* What the task requires
Please transcribe exactly the lines from the line holding "Ovalt hvælvet skilt" through the end of the data below, and skip any pictures.

* Given entries
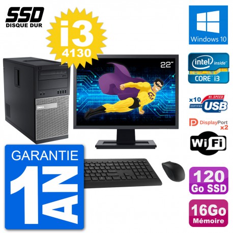 PC Dell 9020 MT - Intel Core i3-4130 3.4 Ghz (3 Mo) - 16 Go DDR3 - Disque Dur SSD 120 Go - Graveur DVD - Clef Wifi USB - Windows 10 - Livré avec Ecran 22" + clavier + souris (Marques et modèles variables) - Garantie 1 an.
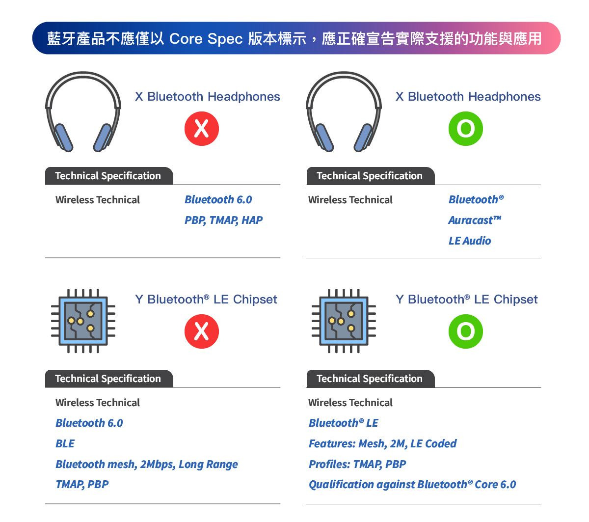 來決定產品是否需要測試、測試項目範圍、既有設計如何組合。此一制度設計,正是因為多數藍牙產品並非完全從零開始,而是引用晶片商、模組商或既有會員設計,且不同產品在功能與應用上差異極大。因此,SIG也一再提醒會員藍牙產品不應僅以Core Spec版本作為標示,而應正確宣告實際支援的藍牙功能與應用。
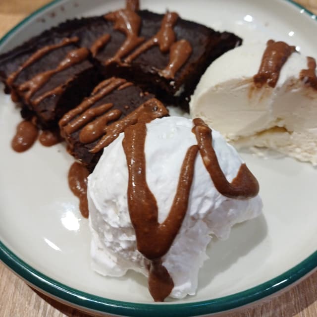 Mi piaceva l'idea che avesse tra gli ingredienti l'avocado e i fagioli neri ma era un pó secchino e non molto cioccolatoso. Non era male però il gelato alla vaniglia che avevo provato con l'Apple Pie e mi era sembrato un pó acquoso e poco saporito. É migliorato!!
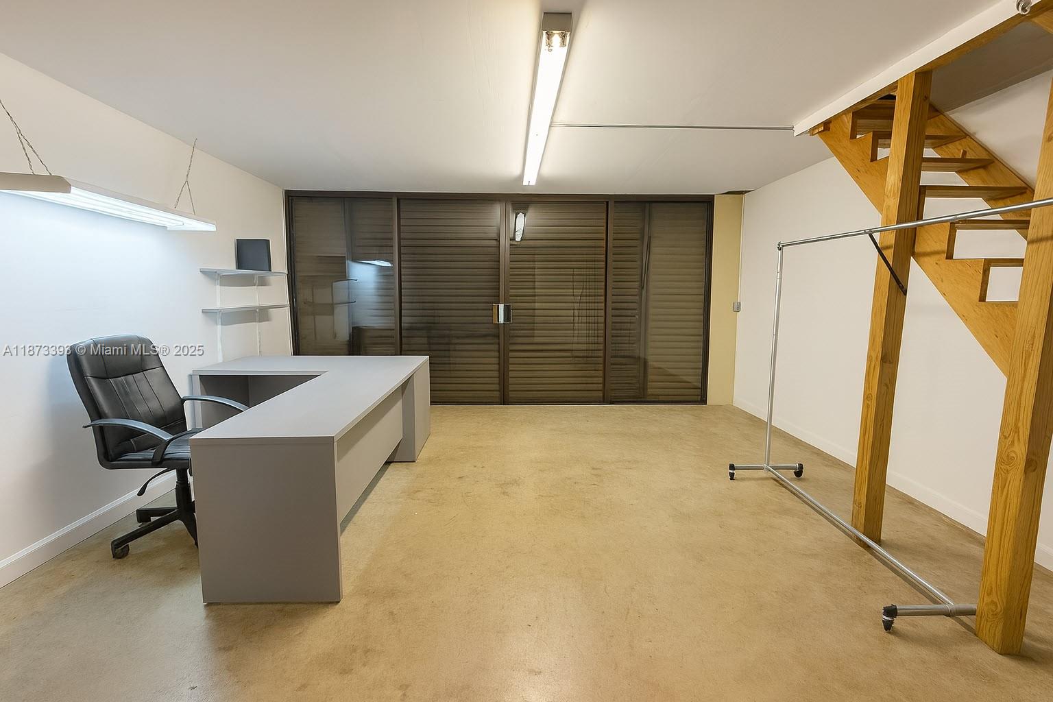 Prime 2,395 SQFT office/warehouse flex space available for lease, featuring a welcoming reception area, one large private office, kitchen, cabinet closet, restroom, and spacious warehouse with truck loading access plus an additional mezzanine storage area. Ideally located within a thriving business center, this property offers three assigned parking spaces, with water, garbage, and security services included in the rent, making it a convenient and cost-effective solution for a wide range of businesses.
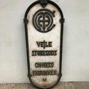 Ovalt hvælvet skilt i kraftig støbejern,fra Kbh Gas & Vandmesterforeningen af 1895.
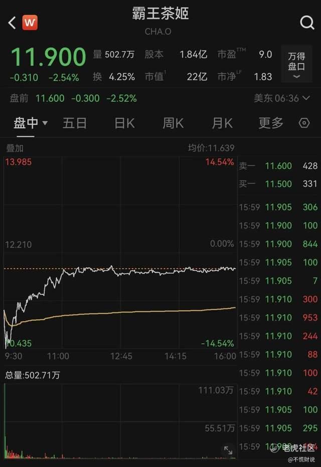 截止到12月29日美股盘前,霸王茶姬股价为11.60美元/股,跌幅为2.52%。
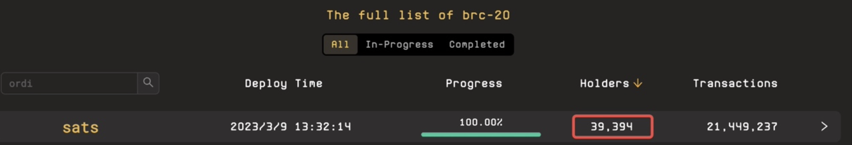 资金共识上,sats 最大的特点在于「总供应量 2100 万亿枚,每次铸造最大铸造量一亿枚」,也就是说,需要 Mint 2100 万次才能 100% Mint Out,粗略按照 BTC 链上 gas 水平一般的情况来看,100% Mint Out 至少也需要 1000 万-2000 万美金。如此高的成本让人们原本不相信 sats 可以被 Mint Out,但是,耗时 6 个月,sats 竟然被 100% Mint Out。可见其强大的资金共识。目前持有 sats 的地址数已达到 39k 个以上。
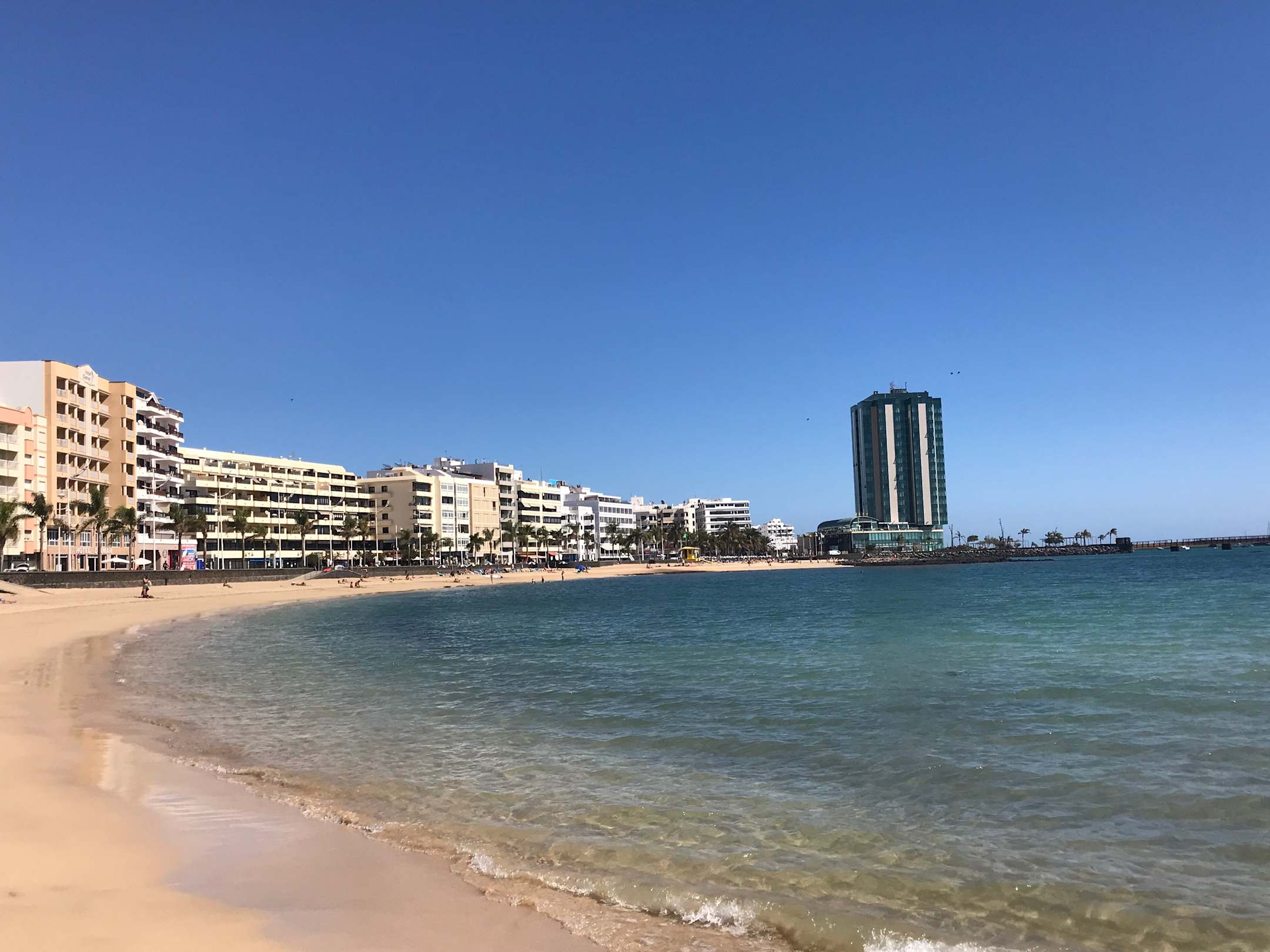 Am Strand, Blick aufs Hotel

* Your response
 Ovalt hvælvet skilt i kraftig støbejern,fra Kbh Gas & Vandmesterforeningen af 1895.
 截止到12月29日美股盘前,霸王茶姬股价为11.60美元/股,跌幅为2.52%。
 资金共识上,sats 最大的特点在于「总供应量 2100 万亿枚,每次铸造最大铸造量一亿枚」,也就是说,需要 Mint 2100 万次才能 100% Mint Out,粗略按照 BTC 链上 gas 水平一般的情况来看,100% Mint Out 至少也需要 1000 万-2000 万美金。如此高的成本让人们原本不相信 sats 可以被 Mint Out,但是,耗时 6 个月,sats 竟然被 100% Mint Out。可见其强大的资金共识。目前持有 sats 的地址数已达到 39k 个以上。
 Am Strand, Blick aufs Hotel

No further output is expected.